After blasting off yesterday with The Hunger Games, we’re  now in low orbit (metaphorical low orbit of course. I’m not in space, I’m at my desk in England, sadly) and it’s time for part two. Kicking off the first weekend of the feature, it’s the one with the billionaire, the angry green guy, Goldilocks (Sorry Thor) and the captain… of America. Part two, Marvel Avengers Assemble (that’s The Avengers for those of you outside the UK)!

THE GOOD STUFF

It’s Iron Man, the Hulk, Thor, Captain America, Black Widow, Hawkeye, Loki and Nick Fury all in the same movie. Sharing the same screen. All the actors involved are great, and it’s all the superheroes you’ve wanted to see together (with a few exceptions. *cough* Spider-Man *cough*).

Joss Whedon’s directing! He who directed Buffy! Okay, I haven’t watched Buffy, but it sounds awesome, and one day I’ll buy the box sets. And anyone who directs something like that deserves respect. And plus, Whedon fans who haven’t seen the previous MCU movies will turn up for Whedon.
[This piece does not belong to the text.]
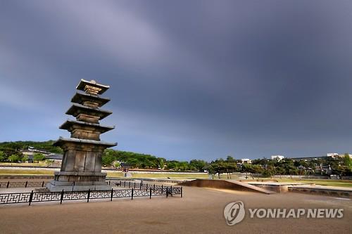 | △ (부여=연합뉴스) 김주형 기자 = 부여 정림사지 오층석탑(국보 제9호)은 완벽한 비례미를 보여주는 전형적인 백제의 탑이다. 높이는 8.8m이며, 화강암으로 만들어졌다. 화재로 인해 기단부와 지붕돌의 윗부분만 하얗고 몸돌 아래쪽은 거뭇하게 얼룩져 있다. kjhpress@yna.co.kr |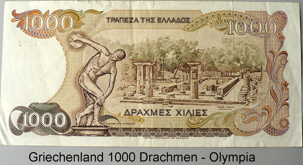 Die Rückseite der griechischen Banknote aus dem Jahr

This equals more money.

Less is more, unless you’re talking about superheroes, in which case, more is more. Surely a movie with four massive superheroes in it will make way more than their solo outings.

The trailers show witty dialogue mixed in with some really, really exciting action. As someone once said, winning.
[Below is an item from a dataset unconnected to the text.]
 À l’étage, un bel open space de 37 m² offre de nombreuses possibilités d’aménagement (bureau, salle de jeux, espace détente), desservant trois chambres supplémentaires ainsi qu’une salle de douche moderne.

The marketing campaign is pretty… how do I put this?… full-on. 80% of the world will know about Avengers once it’s released.

THE BAD STUFF

Well, when you reduce the MCU so far to numbers, it’s not as shiny as it seems. The highest grossing is Iron Man 2 with $623 million, followed by Iron Man ($585 million), Thor ($449 million), Captain America: The First Avenger ($368 million) and The Incredible Hulk ($263 million). That’s not that much, when you think about movies like Transformers – let’s not go there. But anyway, will millions of new people turn up for a movie that stars superheroes they’ve never seen before?
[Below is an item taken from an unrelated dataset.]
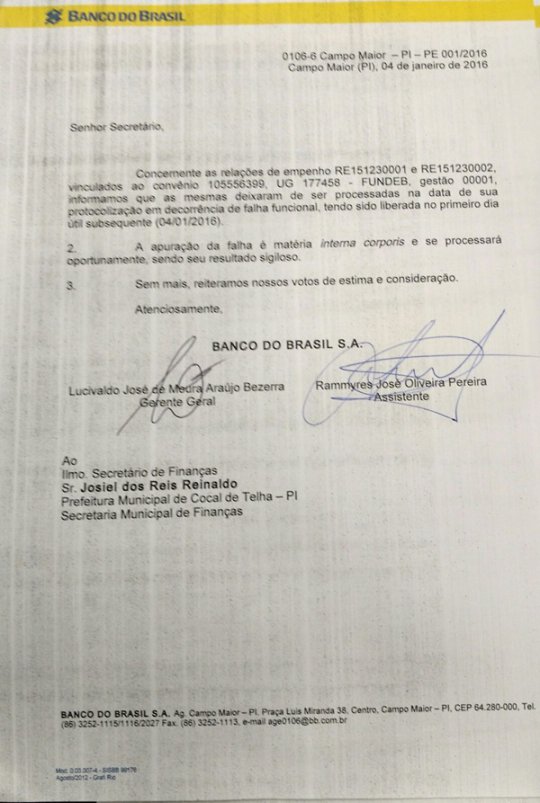 A gerência da Agência do Banco do Brasil de Campo Maior enviou ofício para a Secretaria Municipal de Finanças de Cocal de Telha informando o ocorrido e que medidas administrativas serão tomadas para apurar o fato.
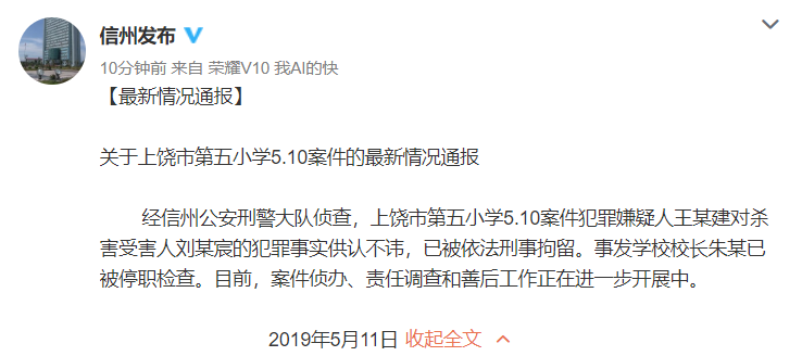 据信州发布官方微博,11日,关于上饶市第五小学5.10案件的最新情况通报发布。

Marvel might want to turn it into Iron Man & Friends Save the World, which is a rather scary prospect, as well as one that fits a demographic… of 4 years and up. There’s a chance that Hulk, Thor, Captain America and the others might be shunned in favour of some ‘LOOK GUYS, IT’S IRON MAN AND SOME OTHER RANDOM PEOPLE IN FUNNY OUTFITS FIGHTING A VILLAIN THAT DOES NOT COME FROM IRON MAN.‘ action. Don’t do it, Marvel!

The Hulk learns teamwork? As cool as Hulk saving Iron Man in the trailer was, it shows that the Hulk now knows teamwork. Isn’t that a bit too advanced for the green monster? Uh… maybe not. I’ll let this one slide.

Will it be good? Hell yeah. The good not only outweighs the bad, it crushes  it and turns it into dust, which it then throws into the ocean.

How much money will it make? I’m guessing about The Dark Knight levels, so about $1 billion. Whedon + Avengers + more marketing = lots and lots of money.